СПИВАКОВ: В мир музыки меня ввела мама. Она садилась к пианино – для рояля у нас не было места, – а меня, младенца, усаживала сверху на крышку. Она рассказывала, что, еще не умея ходить, я подпрыгивал, когда она играла веселую музыку. А когда грустную – раскачивался из стороны в сторону. Моя мама замечательно играла на рояле. Она училась в Одесской консерватории вместе с Эмилем Гилельсом у того же педагога – Берты Михайловны Рейнгбальд. Потом посещала занятия в Ленинградской консерватории. Мама потрясала своим совершенным слухом, могла впервые услышанный мотив тут же гармонизовать в песню, танец, свободно играла в любых тональностях, для нее никакого труда не составляла транспонировка.
ВОЛКОВ: То есть перенос мелодии из одного ключа в другой! Это очень редкий дар!
СПИВАКОВ: Если какой-нибудь солист жаловался, что ему неудобно петь, моя мама с легкостью предлагала: «Пожалуйста, я могу на полтона выше или на полтона ниже».

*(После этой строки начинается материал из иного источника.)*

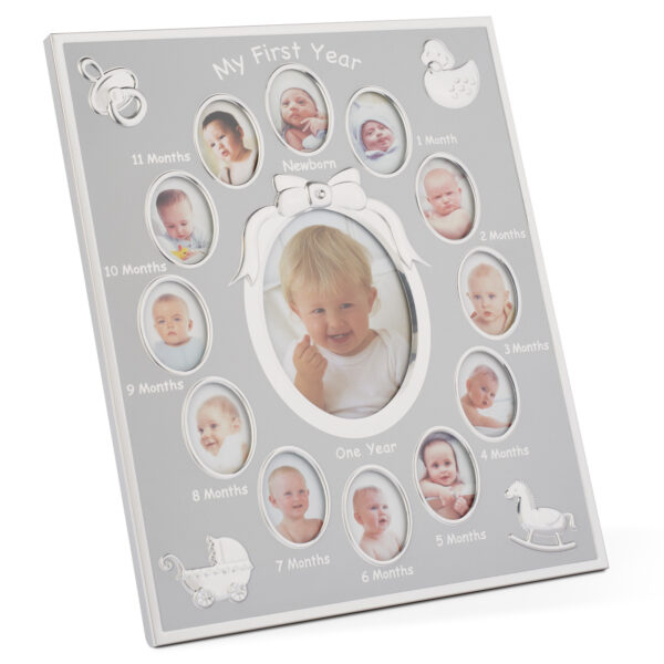 Fotorammen “Mit første år” forvandler babys første 12 måneder til et smukt minde, du kan glæde dig over hver dag. Med plads til ét foto pr. måned og et større billede i midten skabes en rørende fortælling om udvikling, kærlighed og små øjeblikke, der ellers alt for hurtigt glemmes.
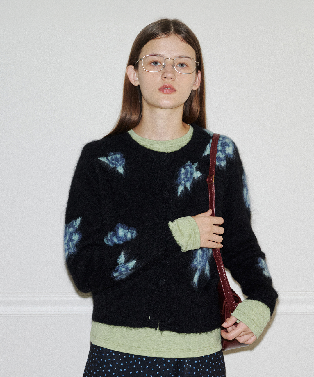 헤어리 플라워 메리노울 니트 가디건 (3C) (Black)
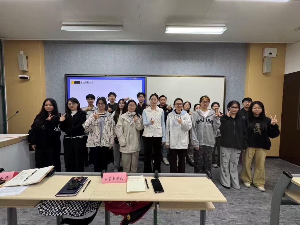 随后,我院社团管理负责人朱可莹对《浙江科技大学学生社团星级评定细则》进行系统解读,强调规范是社团发展的基石,活动质量与宣传效果是提升影响力的关键,各社团要充分认识星级评定的重要导向作用,以此为契机,不断加强自身建设,提升发展内涵。社团管理部门部长杨希月围绕社团活动与宣传材料审批流程、材料提交规范等内容进行详细说明。她在发言中指出,学生社团是校园文化建设的重要载体,是落实立德树人根本任务的有效平台,做好社团管理工作责任重大、使命光荣。希望各社团负责人进一步增强责任意识,认真履行职责,共同推动我院社团工作再上新台阶。
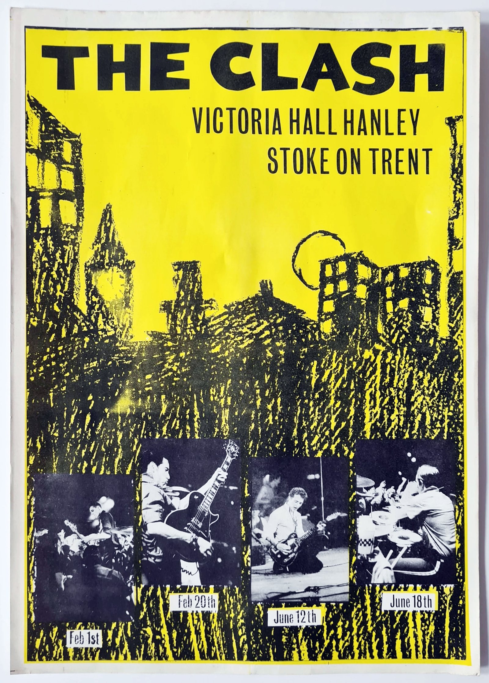 This incredible flyer was for The Clash's 1980 gig at Victoria Hall, Hanley, Stoke on Trent, featuring many delayed gigs throughout the months of February and June, these flyers were given out at the final gig that went ahead, along with a fanzine.
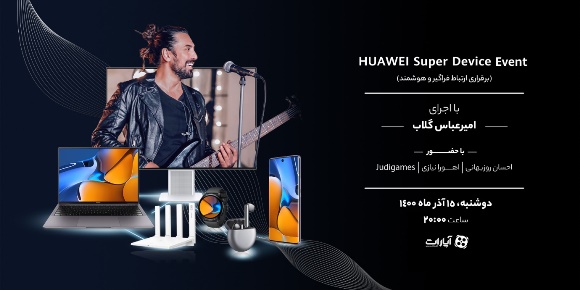 رویداد بزرگ سوپر دیوایس هوآوی در تاریخ 15 آذر ساعت 20 از پلتفرم آپارات پخش شد که در کنار بخشهای فنی مراسم، هنرمند محبوب کشور، امیرعباس گلاب نیز به اجرای برنامه پرداخت. در ادامه با یکدیگر مروری خواهیم داشت بر آنچه در این رویداد گذشت.
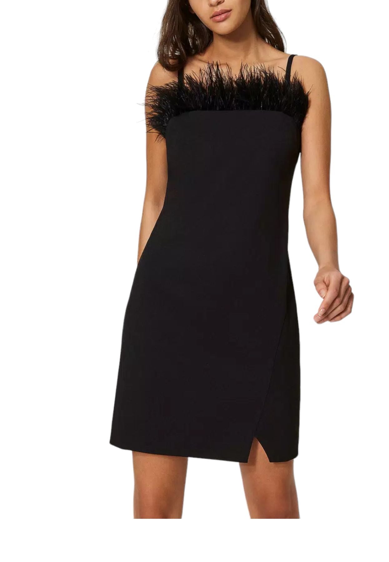 Scopri il Vestito Corto Donna Twinset 232TP2490, un capo unico che unisce eleganza e originalità. Realizzato in morbida viscosa, questo vestito presenta spalline delicate e dettagli in piume, rendendolo perfetto per ogni occasione.
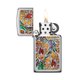 此款設計為Zippo火焰圍繞著彩色漩渦,並透過高拋光工藝使表面更加透撤,並藉由彩色成像技術使表面具有七彩玻璃的色澤
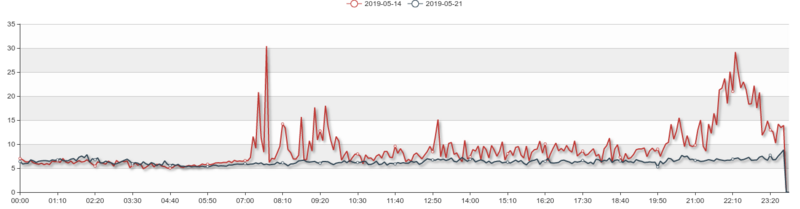 下图是我们生产环境一个RPC接口的调用端统计数据对比,客户端等待超时时间为2s,超时则统计为错误。

Она играла на рояле замечательно до последних дней жизни. Помню, много позже, в Москве, куда мы переехали, я вышел из лифта, подошел к нашей двери и замер – кто-то у нас блестяще исполнял концерт Шумана. Я задержался, пытался угадать: что за гость забрел в дом? А отпер дверь – и оказалось, что это моя немолодая мама играла по памяти этот концерт.
У меня было счастливое детство. У меня были чудесные добрые родители, которые постоянно кого-то опекали и подкармливали – сына дворника или сына пожарного. Отец был убежденный коммунист-романтик, честнейший человек. Мама – блокадница. Этим сказано все, потому что блокадники были особой категорией людей, и связи между ними были особыми. Мама всю жизнь переписывалась с подружками военных лет, которых судьба раскидала по миру. Помню, уже в Москве она получила письмо от одной из блокадниц. Я прочитал лежащее на столе письмо – женщина описывала, как трудно ей ухаживать за сыном-инвалидом, что сама она уже не в состоянии делать ему уколы, что он не может передвигаться, а она ослабела… Она писала, что не может достать инвалидной коляски.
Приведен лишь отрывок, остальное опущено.